What makes a prospector?
Geologists do the research first and learn all they can about an area. They'll go out and look at the rocks and try and interpret what the rocks are trying to tell them and figure out where the ore came from and where it is likely to be now.
They commonly take geo-chemical samples to send away for assay for things like gold and other elements like copper, arsenic, tungsten etc, that may occur with the gold. But the problem with this is that you've got to pay to get the samples assayed and if you're taking a lot of them it becomes a significant cost.
Of course it's easier for a geologist who's with a company and can afford this then follow up with drilling. I couldn't afford this so I had to go right back to basics and learn the old art of prospecting again. I had to become a prospector like they were a hundred years ago. I learnt to be able to detect minute amounts of gold, down to one part per billion, in the pan. The gold had to be free gold but invariably if it out crops on the surface, the rock weathers and the gold is released as tiny free particles. I taught myself to pan, down to these incredible amounts, which I suspect the assay laboratories then couldn't detect at those levels. That was my main method of exploration.

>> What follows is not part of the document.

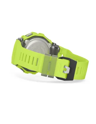 Collezione G-SQUAD Serie GBD-200 digitale running giallo lime con dettagli rossi LCD MIP, accelerometro GPS smartphone, cronografo, timer intervallo, contapassi calorie, Bluetooth app CASIO WATCHES, luce LED Super Illuminator, resistente urti 20 bar, cassa quadrata sottile 45mm, compatibile Strava.

I went to a place in Western Australia that was reputed to be a fine gold (Carlin) deposit way out in the Gascoyne.
After speaking to the Geologist in charge, who said there was no visible surface gold, I walked over the hill and took five samples from the surface soil and panned them using my techniques and each one of them had gold in it!
From that moment on I knew I could find a Carlin fine gold deposit if it outcropped on the surface and from then on that was my main method of exploration. It cost me nothing except effort and the water that I'd carry with me. I reckoned doing that, as crude as it was, I could still compete with the companies because I was actually there in the field doing the work, not sitting in the office dreaming about it!
You just have to switch your eye in to look for that tiny, tiny speck, it's almost microscopic, but when you get the sun on gold, it glints like a piece of a jewel. It just needs that extra look to be able to do it!